Susan Reverby: The Infamous Tuskegee Syphilis Study

Susan Reverby, the Marion Butler McLean professor in the history of ideas and professor of women’s studies at Wellesley College, presents The Infamous Tuskegee Syphilis Study: What More Should We Know? on Thursday, May 21, at 6:30 p.m. at the Plaza Branch, 4801 Main St.

As Wellesley’s first faculty hire in women’s studies, Reverby has taught at the college since 1982. She currently focuses her research on the Tuskegee Syphilis Study (1932-1972), the longest running non-therapeutic research study in America’s history that involved the United States Public Health Service and nearly 600 African-American men in the counties surrounding Tuskegee, Alabama.
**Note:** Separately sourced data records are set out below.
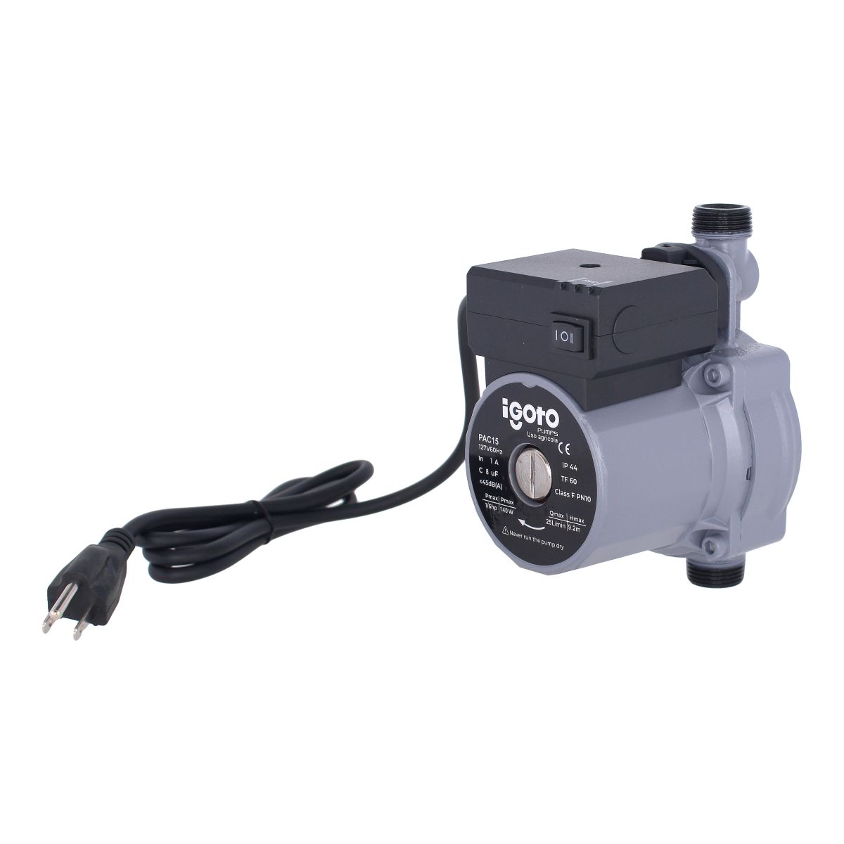 El presurizador automático PAC15 IGoto es la solución perfecta para mejorar la presión de agua en tu hogar. Con una potencia de 1/6 HP y un caudal máximo de 25 litros por minuto, este equipo garantiza un flujo constante y eficiente.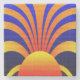 Sun Graffiti Ziegelwand ist ein digitales Kunstwerk mit dunkelblauem Gradientenhintergrund und gelber reflexorangefarbener Gradientensonne am Boden, Sonnenstrahlen leuchten nach oben und nach außen.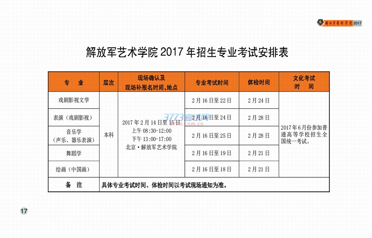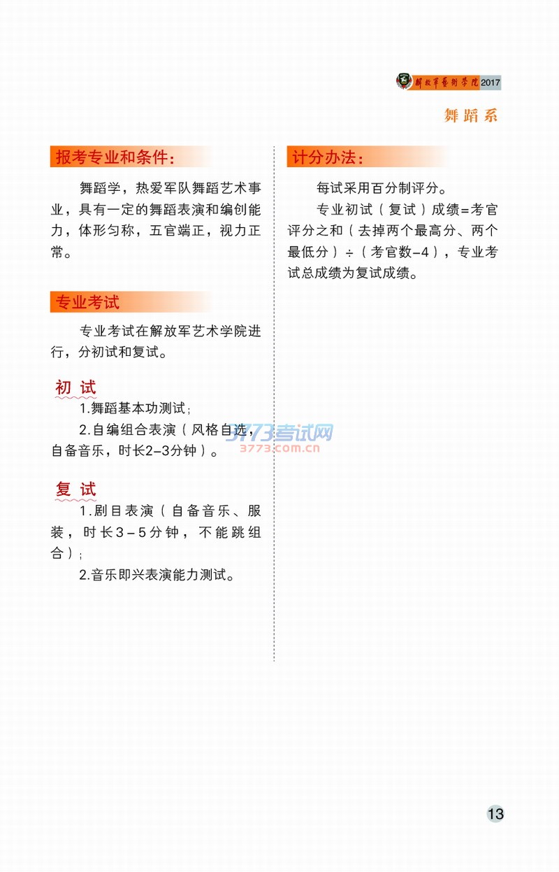 2016解放军艺术学院舞蹈系进复试公榜(中专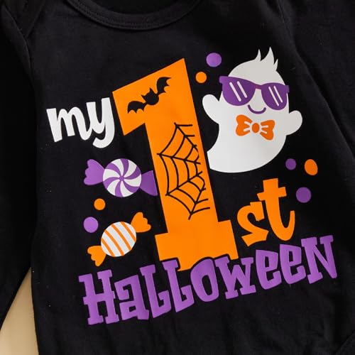 trending ! My 1st Halloween Baby Boy Outfit Letter Print Long Sleeve Romper Pumpkin Ghost Spider Long Pants Hat 3Pcs Set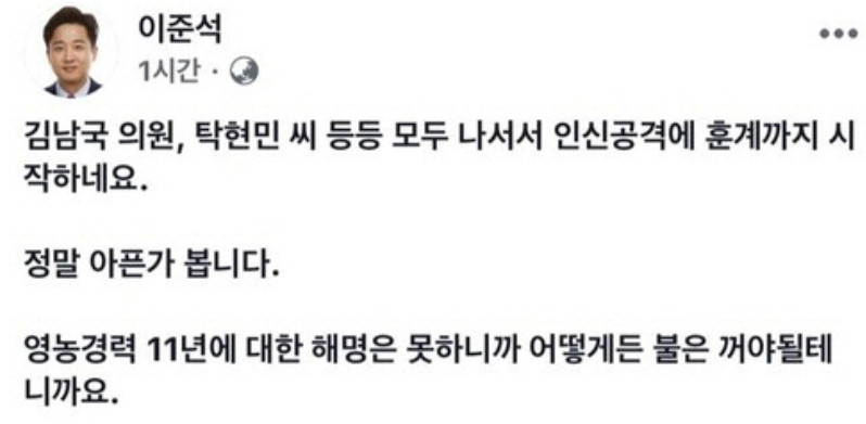 할말 없으니 영농경력 11년에 대한 해명을 하라고 여전히 저러고 놀고 있다.

The men thought they were being “treated,” not studied, for what they thought of as “bad blood.” The study has become a central metaphor for distrust of the health care system and the key example of unethical research.

Reverby was a member of the Legacy Committee on the Tuskegee Syphilis Study that successfully lobbied President Bill Clinton to offer a public apology to the surviving men and their heirs in 1997.

Reverby’s presentation is co-sponsored by the KU Endowment and the Department of the History and Philosophy of Medicine at the University of Kansas School of Medicine.